Вернувшись домой, Пушкин сказал Соболевскому:
– Больше ты меня в ресторан не зови. Не пойду. Я потерял вкус к этому веселью…
– Эге, брат, да ты, я вижу, и в самом деле переменился.
– Да, – вздохнул Пушкин, – теперь я далеко не прежний…
Они помолчали.
– О чем задумался? – глядя на Соболевского, спросил Пушкин.
– Признаться откровенно, думаю о Наталье Николаевне…
– Вот как! А я о ней никогда не думаю, – сознался поэт, – а просто безотчетно люблю ее. Поверь, она того стоит.
– Не обижайся, душа моя! Извини! Любить надо… но если твоя жена – ребенок в делах и не понимает своей обязанности быть твоей помощницей, то тебе непростительно не понимать, что жить так дальше нельзя, черт возьми, нельзя! Слышь, Александр?
– Слышу, – глухо откликнулся Пушкин. – Вот погоди немного, ворчун, и ты увидишь – я скоро заберусь жить с семьей в деревню. И тогда все пойдет по-хорошему. А пока мне надо расквитаться с проклятыми долгами.
Соболевский рассмеялся:
– Эх, ты, финансист! Чистая беда! Да ведь ты теперь здесь, в столице, а значит, твои долги будут только расти. Вот приедет твоя безотчетная любовь, Наталья Николаевна, к зимнему сезону, и опять вы на радостях пуститесь в омут дурацких балов. Что тогда? Окончательно обанкротишься. Разорение неминуемо… А жена что будет делать в деревне?
– Жена?.. У жены – дети, хозяйство, я буду читать ей книги и свои произведения…
– Но до сих пор, – перебил Пушкина Соболевский, – я что-то не замечал, чтобы она читала книги. Почему ты думаешь, что она начнет заниматься этим в деревне? Не верю. Да ее там так потянет к выездам, балам, ухаживаниям, как рыбу к воде. Я удивляюсь, зная тебя, как это ты ее не ревнуешь к царю?..

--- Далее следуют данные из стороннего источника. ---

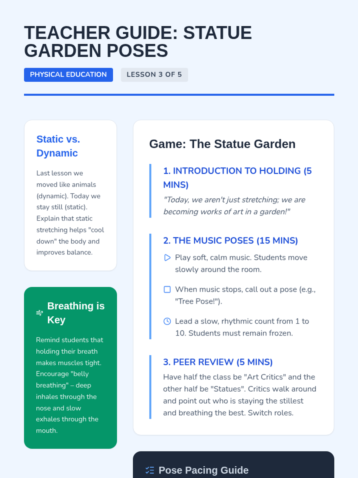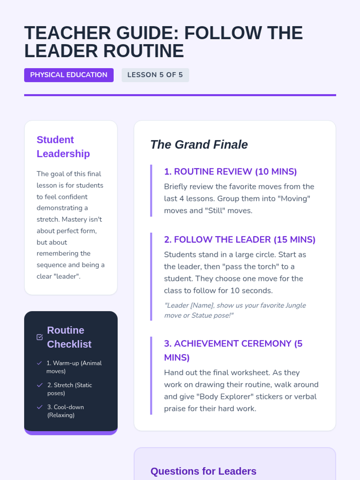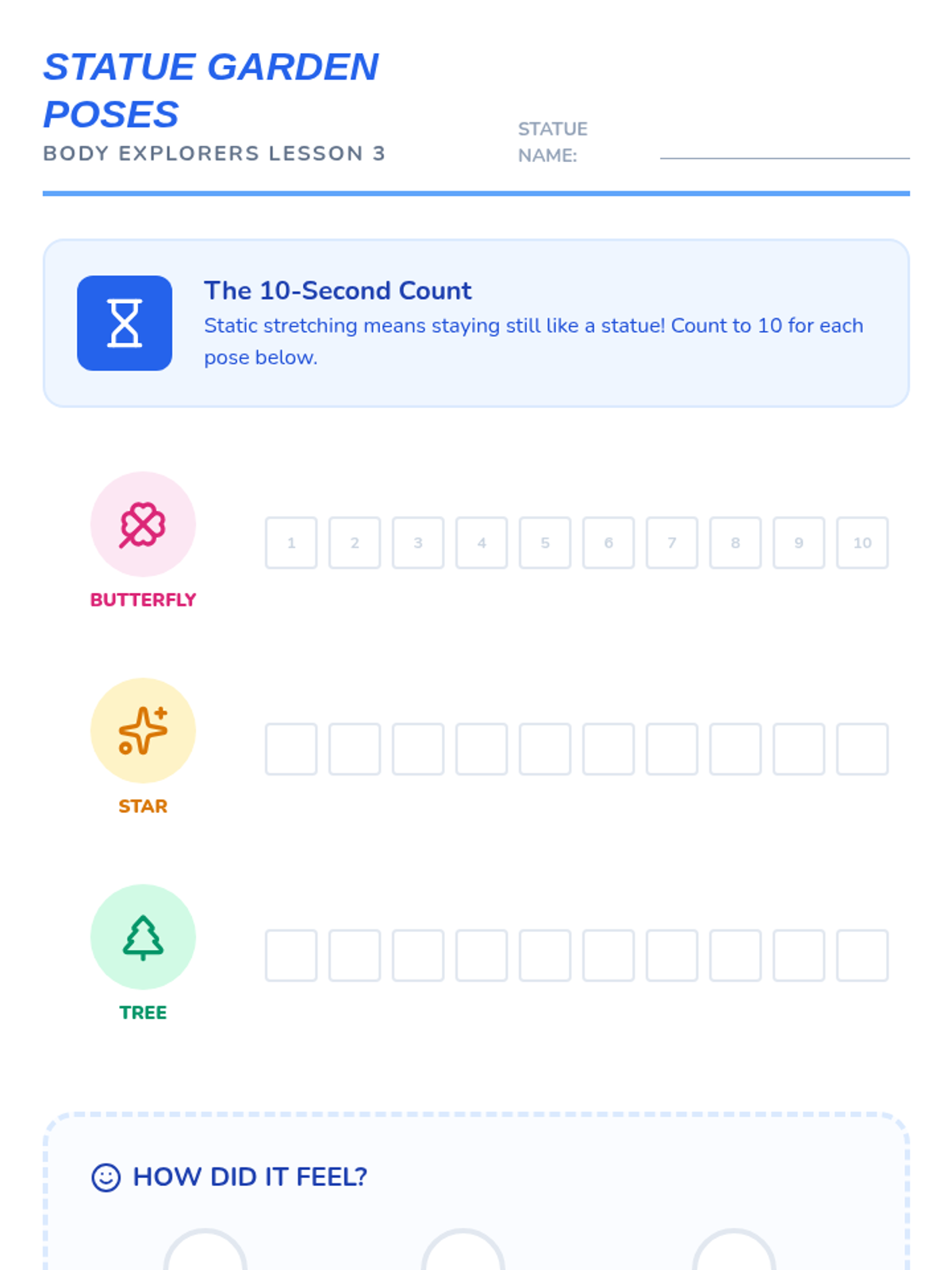 A comprehensive physical education sequence for Kindergarten students exploring flexibility, joints, and muscle awareness. Through playful analogies like robots, ragdolls, and jungle animals, students learn to move safely and improve their range of motion.
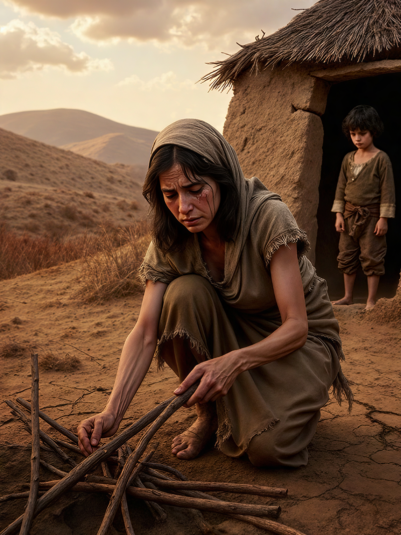 After a period of time, the water in the land dried up—including the Brook Cherith, where Elijah had been staying. God then told Elijah to “Arise, go to Zarephath…and dwell there. See, I have commanded a widow there to provide for you” (1 Kings 17:9). But when Elijah arrived, the widow had felt the painful effects of this long drought, and she did not think she had enough food to help him. She told Elijah, “I do not have bread, only a handful of flour in a bin, and a little oil in a jar; and see, I am gathering a couple of sticks that I may go in and prepare it for myself and my son, that we may eat it, and die” (1 Kings 17:12).

– Я, конечно, ревную, – сознался муж, – но, право, все это выходит у нее так мило и безобидно, что ревновать серьезно нет причин. К тому же она сама мне всегда откровенно рассказывает о неудачных воздыхателях. Это благородно с ее стороны и не требует моих вмешательств.
– Обычное заблуждение влюбленного мужа. А если она такими признаниями усыпляет твою бдительность? Ты над этим не задумывался? – неожиданно спросил Соболевский.
– Признаться, мне такие мысли не приходили в голову… – растерянно ответил Пушкин. – Я люблю и верю своей жене.
– Верь! Никто тебя не отговаривает…
В кабинет вошла горничная:
– Обед готов. Пожалуйте к столу…
На следующий день Соболевский уехал в Москву. Пушкин ушел в хлопоты по печатанью «Истории Пугачевского бунта». Писал часто письма жене, несносно скучая.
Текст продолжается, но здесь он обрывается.